Dataset content

<<<<

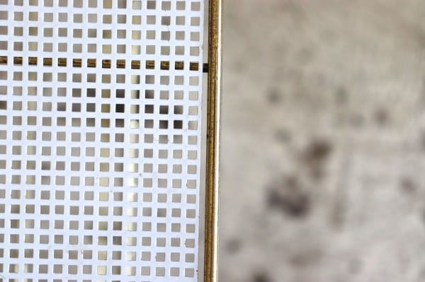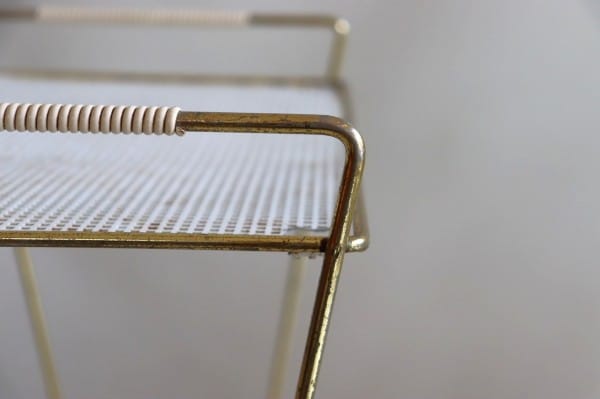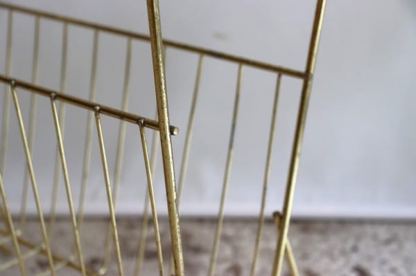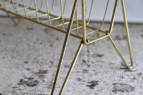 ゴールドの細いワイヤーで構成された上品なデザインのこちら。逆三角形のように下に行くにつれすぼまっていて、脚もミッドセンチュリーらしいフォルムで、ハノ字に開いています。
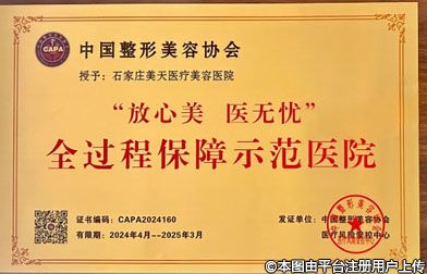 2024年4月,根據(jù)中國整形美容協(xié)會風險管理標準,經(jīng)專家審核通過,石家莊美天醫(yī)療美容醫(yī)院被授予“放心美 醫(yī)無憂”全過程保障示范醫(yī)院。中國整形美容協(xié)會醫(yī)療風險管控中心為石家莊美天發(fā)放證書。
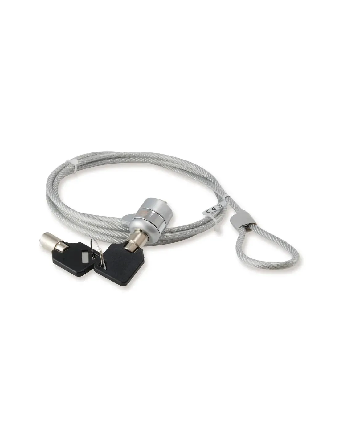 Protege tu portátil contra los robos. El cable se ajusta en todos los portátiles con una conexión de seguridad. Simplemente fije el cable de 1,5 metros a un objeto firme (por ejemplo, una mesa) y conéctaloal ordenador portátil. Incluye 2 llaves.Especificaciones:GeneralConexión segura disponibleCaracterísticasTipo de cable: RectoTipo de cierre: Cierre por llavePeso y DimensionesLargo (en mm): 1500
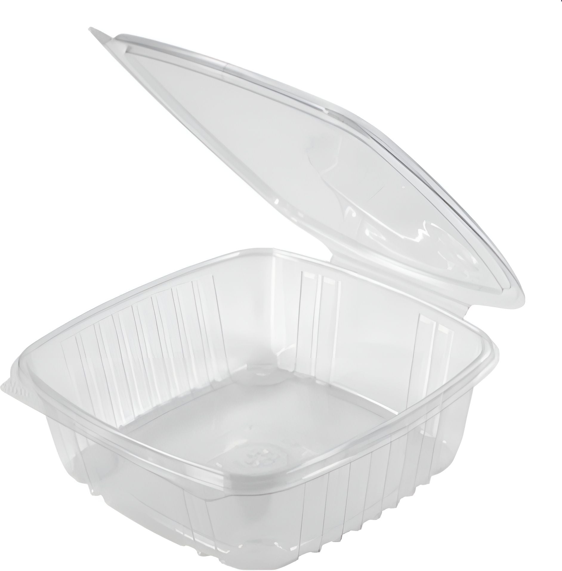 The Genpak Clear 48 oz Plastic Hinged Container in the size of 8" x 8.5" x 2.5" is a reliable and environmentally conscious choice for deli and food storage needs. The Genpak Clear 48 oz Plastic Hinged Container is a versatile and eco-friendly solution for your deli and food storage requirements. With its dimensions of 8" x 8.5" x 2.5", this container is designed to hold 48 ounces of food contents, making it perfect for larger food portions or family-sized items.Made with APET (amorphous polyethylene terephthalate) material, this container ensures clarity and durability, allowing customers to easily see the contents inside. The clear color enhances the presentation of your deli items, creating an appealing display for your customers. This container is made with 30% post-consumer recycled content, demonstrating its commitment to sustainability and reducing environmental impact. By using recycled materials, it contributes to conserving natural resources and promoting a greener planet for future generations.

>>>>

Task objective
Apart from the pictures, every line above must be printed exactly.

Reply to the exercise
 ゴールドの細いワイヤーで構成された上品なデザインのこちら。逆三角形のように下に行くにつれすぼまっていて、脚もミッドセンチュリーらしいフォルムで、ハノ字に開いています。
 2024年4月,根據(jù)中國整形美容協(xié)會風險管理標準,經(jīng)專家審核通過,石家莊美天醫(yī)療美容醫(yī)院被授予“放心美 醫(yī)無憂”全過程保障示范醫(yī)院。中國整形美容協(xié)會醫(yī)療風險管控中心為石家莊美天發(fā)放證書。
 Protege tu portátil contra los robos. El cable se ajusta en todos los portátiles con una conexión de seguridad. Simplemente fije el cable de 1,5 metros a un objeto firme (por ejemplo, una mesa) y conéctaloal ordenador portátil. Incluye 2 llaves.Especificaciones:GeneralConexión segura disponibleCaracterísticasTipo de cable: RectoTipo de cierre: Cierre por llavePeso y DimensionesLargo (en mm): 1500
 The Genpak Clear 48 oz Plastic Hinged Container in the size of 8" x 8.5" x 2.5" is a reliable and environmentally conscious choice for deli and food storage needs. The Genpak Clear 48 oz Plastic Hinged Container is a versatile and eco-friendly solution for your deli and food storage requirements. With its dimensions of 8" x 8.5" x 2.5", this container is designed to hold 48 ounces of food contents, making it perfect for larger food portions or family-sized items.Made with APET (amorphous polyethylene terephthalate) material, this container ensures clarity and durability, allowing customers to easily see the contents inside. The clear color enhances the presentation of your deli items, creating an appealing display for your customers. This container is made with 30% post-consumer recycled content, demonstrating its commitment to sustainability and reducing environmental impact. By using recycled materials, it contributes to conserving natural resources and promoting a greener planet for future generations.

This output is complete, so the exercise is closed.